For any decision between Opus 4.7, GPT-5.4, Gemini 3.1 Pro, and similar — Pro is where the real answer lives. A 7-point Pro gap translates into noticeably different real-world experience on TypeScript codebases, Rust projects, or long Java refactors.

Don’t obsess over either in isolation

Neither benchmark captures:

Latency (some tasks take 30s vs 3 minutes)
Tool use (check MCP-Atlas for this — see our Opus 4.7 comparison)
Cost per task
Code style / maintainability
Behavior in real agentic loops (use OSWorld or Terminal-Bench 2.0)

A great coding model also needs to win on MCP-Atlas, Terminal-Bench 2.0, and real integration tests with your stack.

Contamination: the elephant in the room

Training on SWE-bench issues is cheating. In April 2026 the coalition penalizes contamination three ways:

Quarterly rotation — 25% of Pro test cases are replaced every 3 months with held-out private-repo issues
Contamination audits — labs must disclose training-data filters applied against SWE-bench repos
Held-out variants — a sealed private variant is run by the coalition to catch gaps

You can check contamination disclosures in each lab’s April 2026 launch posts. Anthropic, OpenAI, and Google DeepMind all publish them now; smaller labs are less consistent.

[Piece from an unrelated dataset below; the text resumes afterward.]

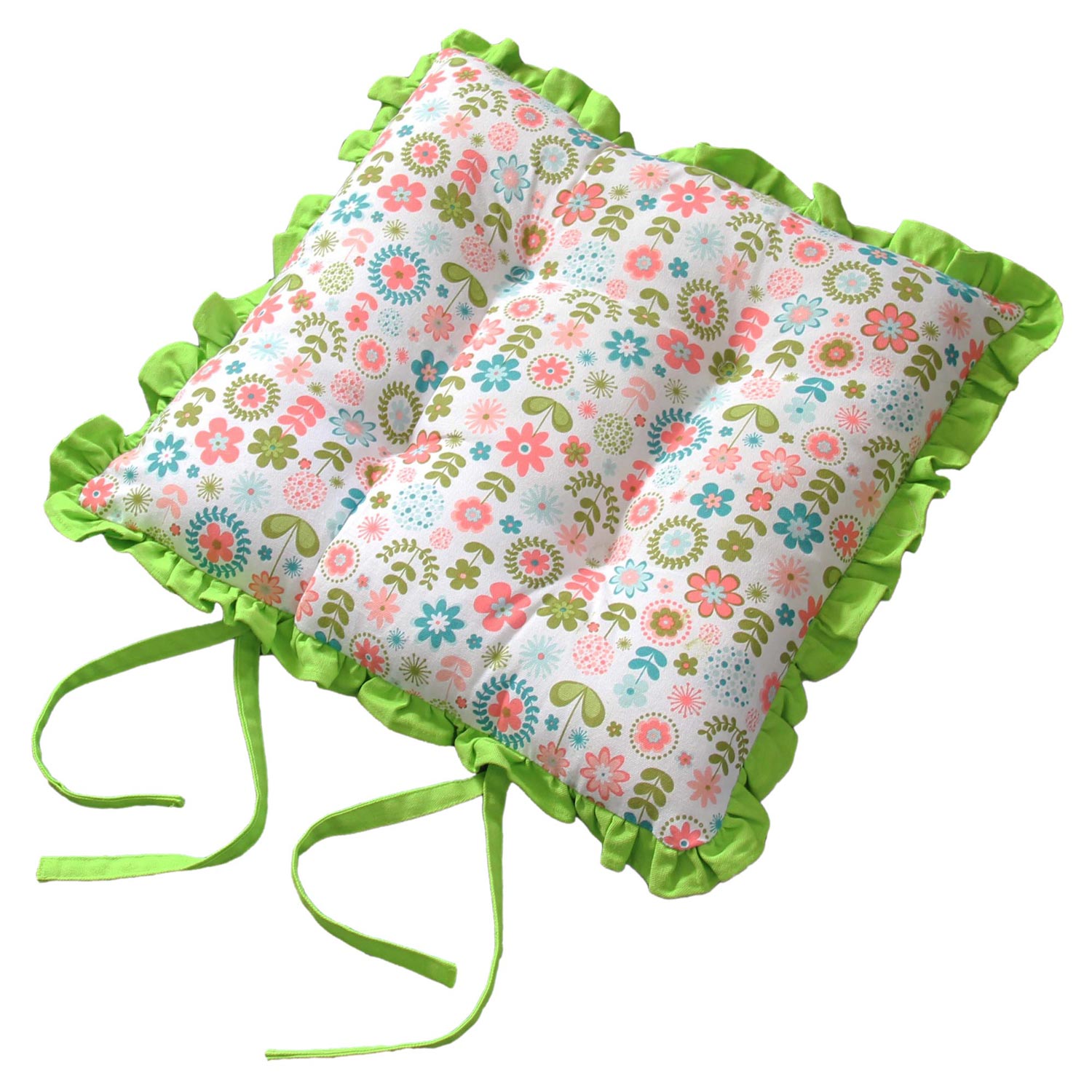 Galette de chaise 40x40 cm à volants Fleurs et Rayures, Coussin de chaise réversible en coton - Homescape

The benchmarks that will matter next

SWE-bench Pro is already showing signs of eventual saturation. The next-generation benchmarks catching attention in April 2026:

MCP-Atlas — scaled tool use with 100+ MCP servers
Terminal-Bench 2.0 — autonomous terminal-only coding, no IDE
OSWorld-Verified — computer use, not just code
Finance Agent v1.1 — multi-step financial analysis
CharXiv — scientific chart reasoning

Expect “SWE-bench Pro 2” or equivalent by end of 2026 as Opus 4.7 and its successors push Pro scores past 75%.

Verdict

For April 2026, report and compare SWE-bench Pro first. Verified still matters as a floor, but it’s saturating — Opus 4.7 at 87.6%, Mythos Preview at ~92%. Pro still has room and still separates the frontier from the rest.

If a launch announcement skips Pro entirely, assume the model didn’t do well on it. That’s the unwritten rule in AI launches right now.

Whichever benchmark you use, cross-check with MCP-Atlas and a real integration test on your own codebase. No single benchmark is the complete picture — and if you’re buying a model to ship code, only shipping speaks for itself.